### Problem to work on
Please set down the data word for word; images do not go in the copy.

### Given information
*-*-*

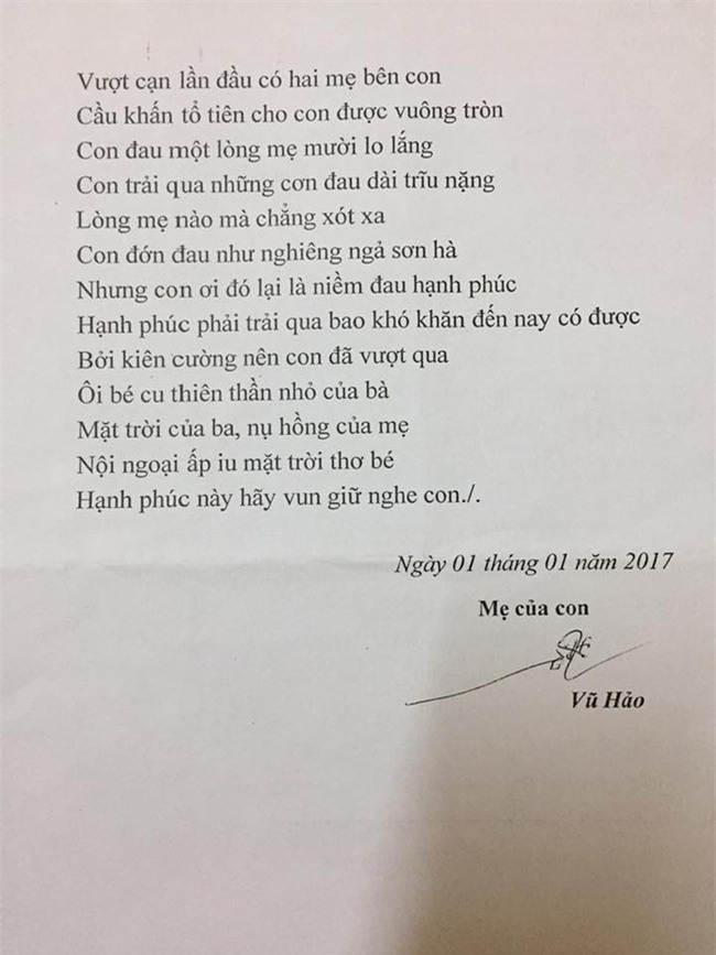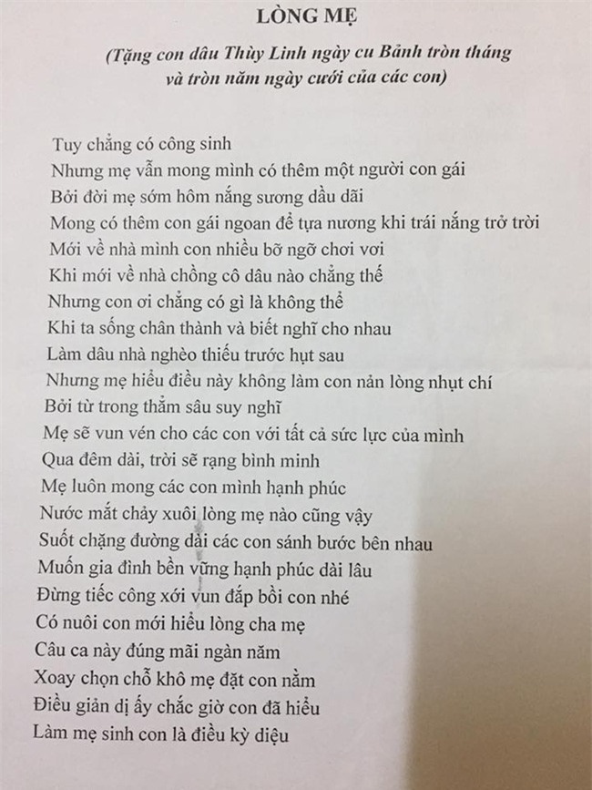Tiện đây em đăng bài thơ mẹ chồng tặng em nhân ngày bé nhà em đầy tháng. Trên đời này vẫn còn có rất nhiều mẹ chồng tâm lý và tốt bụng lắm ạ. Cứ sống chân thành rồi mọi thứ sẽ đến vớii mình!".
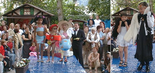 Danach versammelte man sich zum Mittagessen im schön geschmückten Hof des Kindergartens. Für die Kinder gab es zahlreiche Angebote zum Basteln und Spielen. In einer Tombola gab es viele schöne Preise zu gewinnen. Das originelle und nicht ganz einfache Kindergartenpreisrätsel erforderte viel Wissen rund um den Kindergarten. Man konnte sich die Antworten allerdings auch mit einem kleinen Rundgang durch die Räumlichkeiten der Einrichtung erarbeiten. Ein Magnet vor allem für die "Ehemaligen" war die Fotoausstellung. Auf den zahlreichen Bildern versuchte man sich wiederzufinden und konnte mit alten Kinderschulfreunden in Erinnerungen schwelgen. Der absolute Höhepunkt des Nachmittags war die Modenschau. Die kleinen Models führten unter tosendem Beifall wie Profis die neueste Mode aus vergangenen Zeiten vor. Bürgermeister Bernhard Martin bewies absoluten Sachverstand in seiner Moderation der Schau.
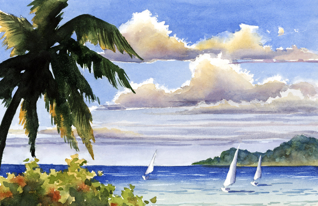 Are you ready for a tropical getaway? Grab your brush! This Watercolor Mastery Workshop will take you away to a beautiful remote tropical location complete with palm trees and sailboats!

*-*-*

### Task response
Tiện đây em đăng bài thơ mẹ chồng tặng em nhân ngày bé nhà em đầy tháng. Trên đời này vẫn còn có rất nhiều mẹ chồng tâm lý và tốt bụng lắm ạ. Cứ sống chân thành rồi mọi thứ sẽ đến vớii mình!".
 Danach versammelte man sich zum Mittagessen im schön geschmückten Hof des Kindergartens. Für die Kinder gab es zahlreiche Angebote zum Basteln und Spielen. In einer Tombola gab es viele schöne Preise zu gewinnen. Das originelle und nicht ganz einfache Kindergartenpreisrätsel erforderte viel Wissen rund um den Kindergarten. Man konnte sich die Antworten allerdings auch mit einem kleinen Rundgang durch die Räumlichkeiten der Einrichtung erarbeiten. Ein Magnet vor allem für die "Ehemaligen" war die Fotoausstellung. Auf den zahlreichen Bildern versuchte man sich wiederzufinden und konnte mit alten Kinderschulfreunden in Erinnerungen schwelgen. Der absolute Höhepunkt des Nachmittags war die Modenschau. Die kleinen Models führten unter tosendem Beifall wie Profis die neueste Mode aus vergangenen Zeiten vor. Bürgermeister Bernhard Martin bewies absoluten Sachverstand in seiner Moderation der Schau.
 Are you ready for a tropical getaway? Grab your brush! This Watercolor Mastery Workshop will take you away to a beautiful remote tropical location complete with palm trees and sailboats!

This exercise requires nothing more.